Last month I wrote a post called Hash Partitioning with SQL Server 2012’s SEQUENCE object and CYCLE argument and I was asked a good question by Eric Humphrey (twitter) about whether there was any advantage of using a sequence object for hash partitioning over an identity/modulus/computed-column technique.
At that point I hadn’t compared the two techniques, but I wanted to perform a test eventually, so here is what I found… This was a quick-and-dirty test, by the way, as I really should have been working on something else (first), but I needed a little “fun” time.
Before testing, I made a few minor modifications to the schema used in my original post:
1. I split the range of the partition function as follows:
ALTER PARTITION FUNCTION pfFactInternetSales () SPLIT RANGE (0)
2. I changed the sequence object to be zero-based instead of one-based:
CREATE SEQUENCE dbo.Seq_FactInternetSales
AS int
START WITH 0
INCREMENT BY 1
MINVALUE 0
MAXVALUE 10
CYCLE
CACHE 10;
That is all that was changed with the sequence object technique I used before. As for a modulus technique, I created two additional columns to another version of the FactInternetSales table:
ProductID int NOT NULL IDENTITY(1,1),
PartitionBucketKey AS ProductID %11 PERSISTED,
After adding the columns I referenced the PartitionBucketKey table as the partition key for the clustered index and imported the data from an INSERT…SELECT (as I did with the sequence object method).
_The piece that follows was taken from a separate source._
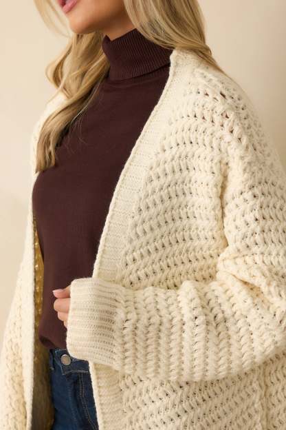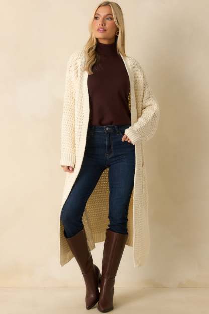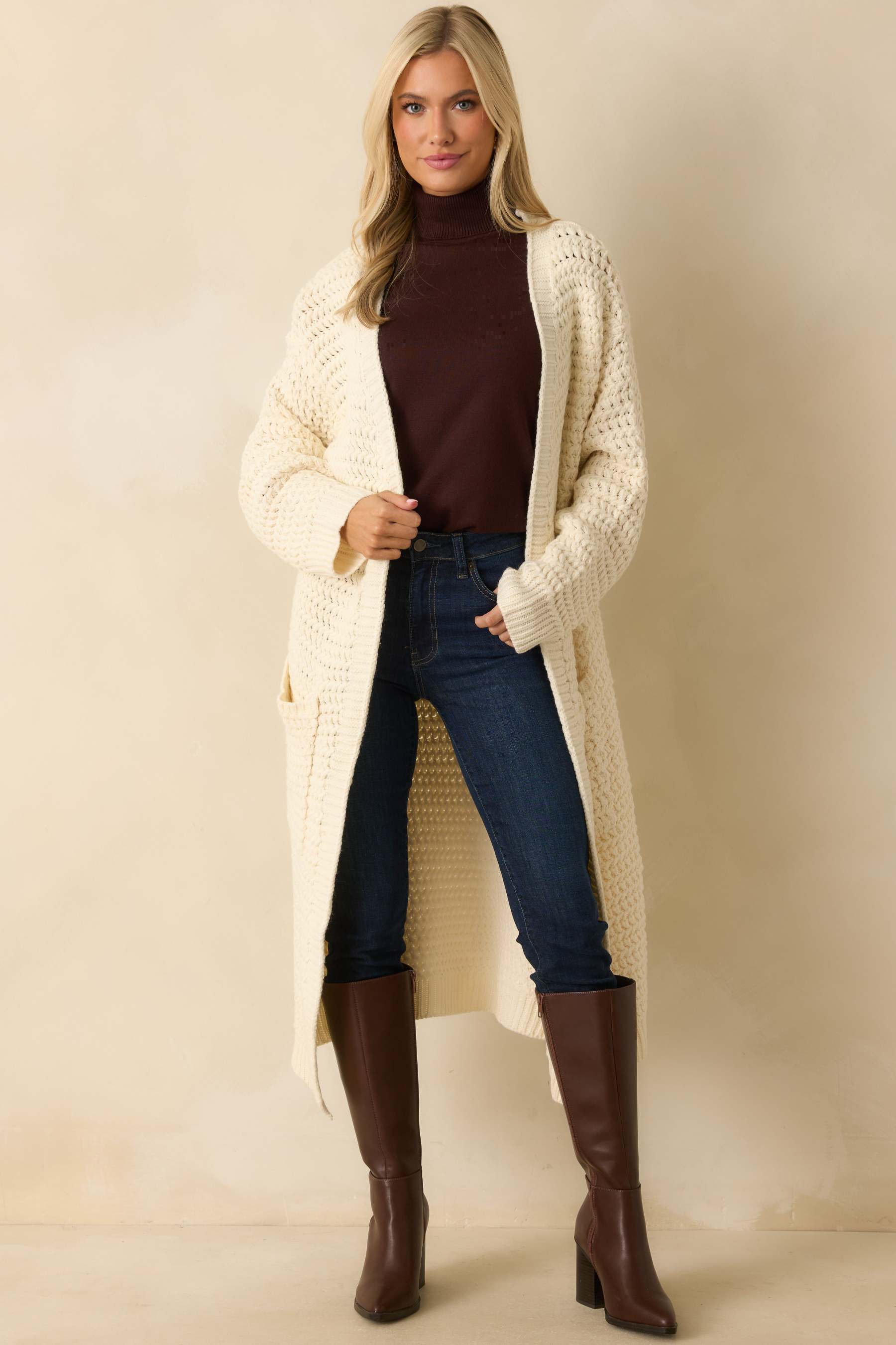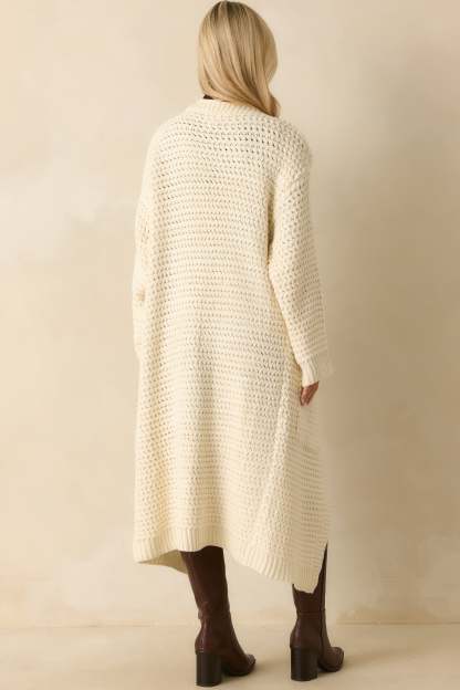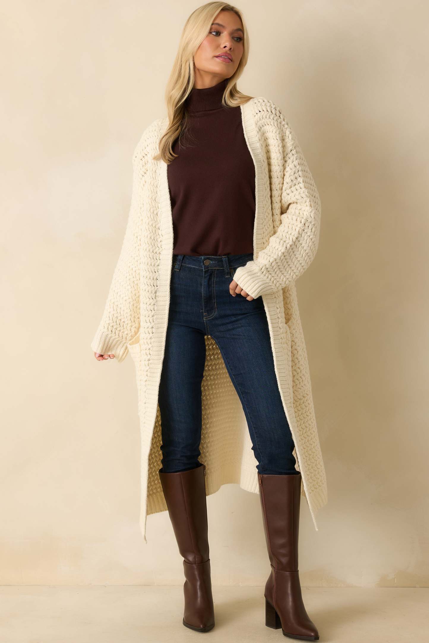 The Made For More Cream Knit Duster Cardigan proves that cozy can still make a statement. With its chunky textured knit, open front, and extra-long silhouette, it’s the layer that adds quiet confidence, and warmth, to every look. This cream knit duster cardigan features an open front, long sleeves with ribbed cuffs, front patch pockets, and a relaxed longline silhouette in a chunky textured knit.

So did the performance differ between the two techniques?
Here are the results of eight separate tests (each executed with a cold data cache for the SELECT, truncated destination table and pre-sized data and log files):
Test number |
Rows loaded |
Buckets |
Hash Partition |
Method |
1 |
1,207,960 rows |
11 buckets |
26 seconds |
Sequence |
2 |
1,207,960 rows |
11 buckets |
26 seconds |
Sequence |
3 |
1,207,960 rows |
11 buckets |
29 seconds |
Sequence |
4 |
1,207,960 rows |
11 buckets |
26 seconds |
Sequence |
5 |
1,207,960 rows |
11 buckets |
27 seconds |
Modulus |
6 |
1,207,960 rows |
11 buckets |
24 seconds |
Modulus |
7 |
1,207,960 rows |
11 buckets |
25 seconds |
Modulus |
8 |
1,207,960 rows |
11 buckets |
26 seconds |
Modulus |
So the modulus method seems to perform ever-so-slightly faster than the sequence method. Stylistically, the sequence method involved a more direct way to create X number of hash buckets (basically no calculation necessary). With that said, the execution plans are nearly identical.
Sequence Plan (estimated cost – 17.4357)
Modulus Plan (estimated cost – 17.635)
I’m sure there are other variations of this test that I could try out, but that’s all for now. I’m curious about other techniques people may be using (like a CLR function to do the hashing), so please post them here if you have used an interesting variation on this post’s theme.
2 Responses to SEQUENCE Object versus Modulus Hash Partitioning
Interesting.. I wonder how that compares to simple row_number().
Try increasing the cache size to 11 on the sequence and throw on a (tablockx) on the insert !
Thanks Joe. So the upshot is we can do this in versions prior to 2012. The downside is the computed column, since it is persisted, takes up additional space.